- Work instruction: Restate all data exactly. No images.

- Supplied material:
☆ ☆ ☆

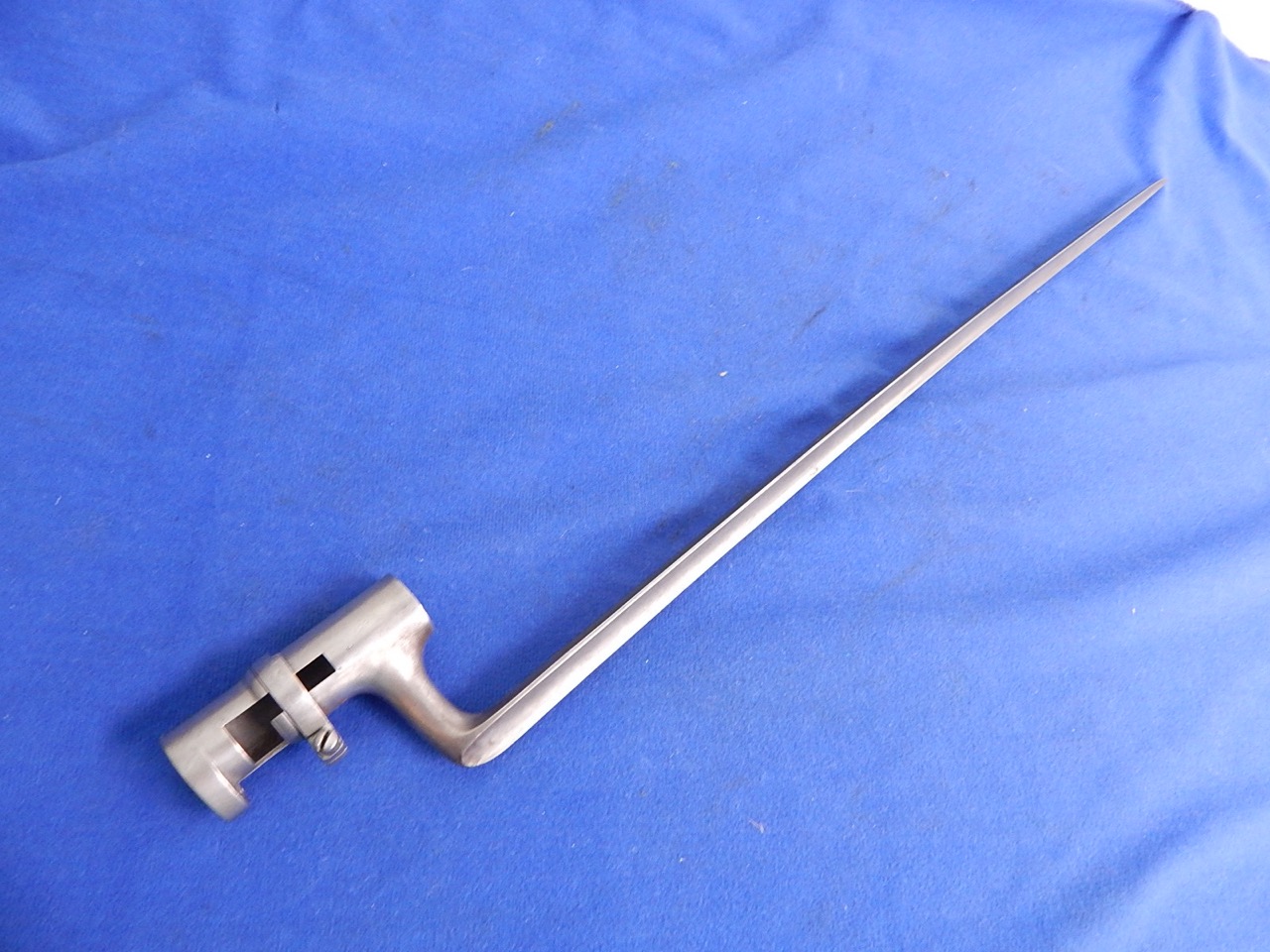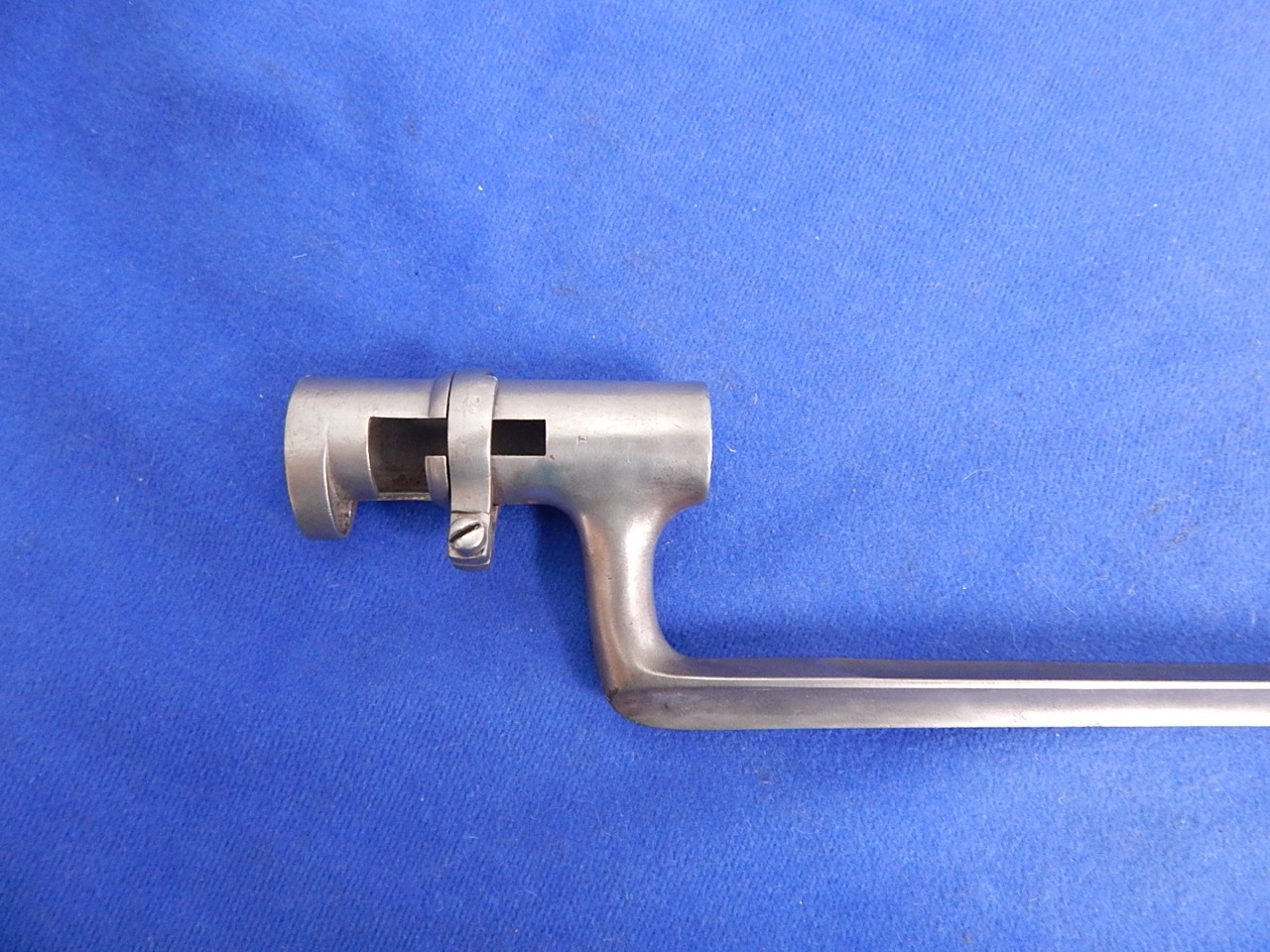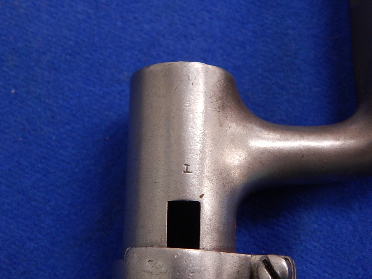 Spencer 1st Model Socket Bayonet overall 21 1/2″, socket 3″, blade 18 1/2″, inside MRD 21.13 mm in fine condition. Socket has an L inspection. These were used with the first few thousand rifles that had seen action at Gettysburg. There is also a known image of one of these bayonets on a Sharps Berdan Rifle.
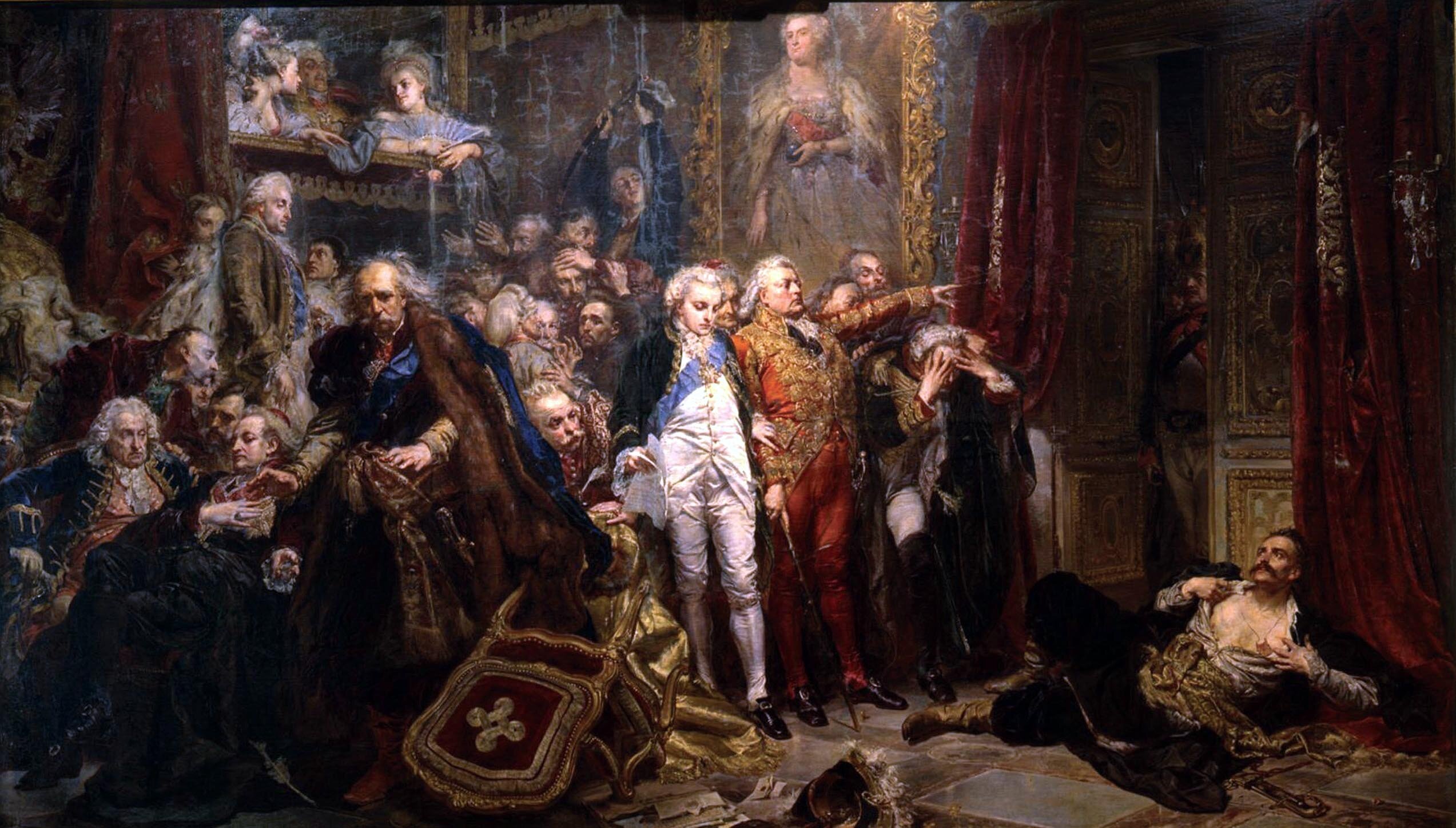 Центральной фигурой картины является шляхтич Тадеуш Рейтан, который в отчаянии пытается предотвратить позорное для его родины событие. Лежащему в дверях Рейтану Адам Понинский указывает на русских гренадеров, которые видны в зале за дверью. Слева от Понинского изображён Станислав Щенсный Потоцкий (которому в то время был 21 год и в зале сейма его не было). Справа от Понинского коронный гетман Франциск Ксаверий Браницкий, который закрыл лицо руками. Эти трое как раз собираются войти в зал сейма, чтобы подписать унизительный для Речи Посполитой договор.
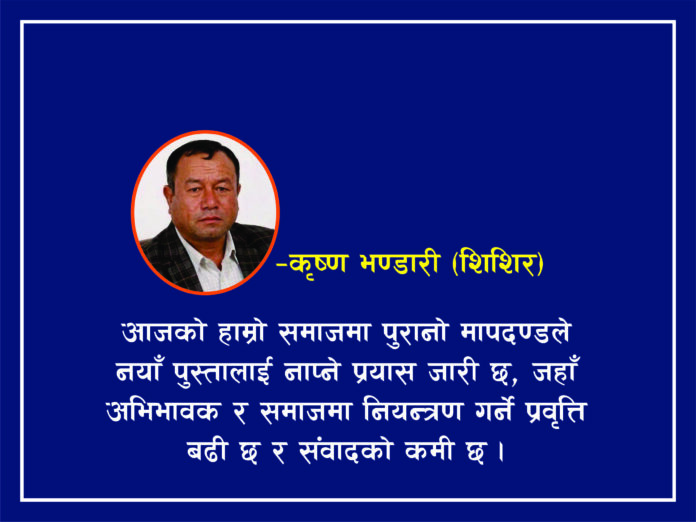 यो बदलिएको आजको हाम्रो समाजमा पुरानो मापदण्डले नयाँ पुस्तालाई नाप्ने प्रयास जारी छ, जहाँ अभिभावक र समाजमा नियन्त्रण गर्ने प्रवृत्ति बढी छ र संवादको कमी छ । सुन्नुभन्दा निर्देशन दिने बानी, साथै डिजिटल पुस्तालाई पुरानो/परम्परागत तरिकाले बुझ्ने गर्दा युवा आफ्ना विचार, अनुभव र भावनासँग सम्बन्धित महसुस गर्न पाउँदैनन् । परिणामस्वरूप, युवा केवल नजिक छैनन्, बरु क्रमशः टाढिँदै गइरहेका छन् ।
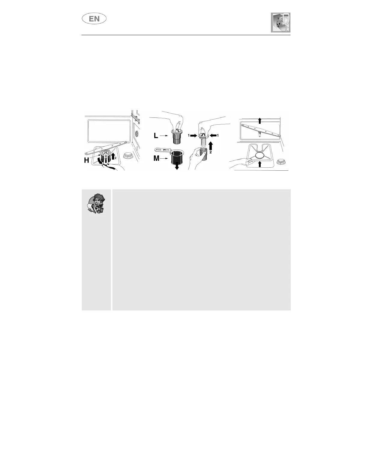 plastic filter by pressing gently in the points shown, lifting it upwards

☆ ☆ ☆

- Expected output:
 Spencer 1st Model Socket Bayonet overall 21 1/2″, socket 3″, blade 18 1/2″, inside MRD 21.13 mm in fine condition. Socket has an L inspection. These were used with the first few thousand rifles that had seen action at Gettysburg. There is also a known image of one of these bayonets on a Sharps Berdan Rifle.
 Центральной фигурой картины является шляхтич Тадеуш Рейтан, который в отчаянии пытается предотвратить позорное для его родины событие. Лежащему в дверях Рейтану Адам Понинский указывает на русских гренадеров, которые видны в зале за дверью. Слева от Понинского изображён Станислав Щенсный Потоцкий (которому в то время был 21 год и в зале сейма его не было). Справа от Понинского коронный гетман Франциск Ксаверий Браницкий, который закрыл лицо руками. Эти трое как раз собираются войти в зал сейма, чтобы подписать унизительный для Речи Посполитой договор.
 यो बदलिएको आजको हाम्रो समाजमा पुरानो मापदण्डले नयाँ पुस्तालाई नाप्ने प्रयास जारी छ, जहाँ अभिभावक र समाजमा नियन्त्रण गर्ने प्रवृत्ति बढी छ र संवादको कमी छ । सुन्नुभन्दा निर्देशन दिने बानी, साथै डिजिटल पुस्तालाई पुरानो/परम्परागत तरिकाले बुझ्ने गर्दा युवा आफ्ना विचार, अनुभव र भावनासँग सम्बन्धित महसुस गर्न पाउँदैनन् । परिणामस्वरूप, युवा केवल नजिक छैनन्, बरु क्रमशः टाढिँदै गइरहेका छन् ।
 plastic filter by pressing gently in the points shown, lifting it upwards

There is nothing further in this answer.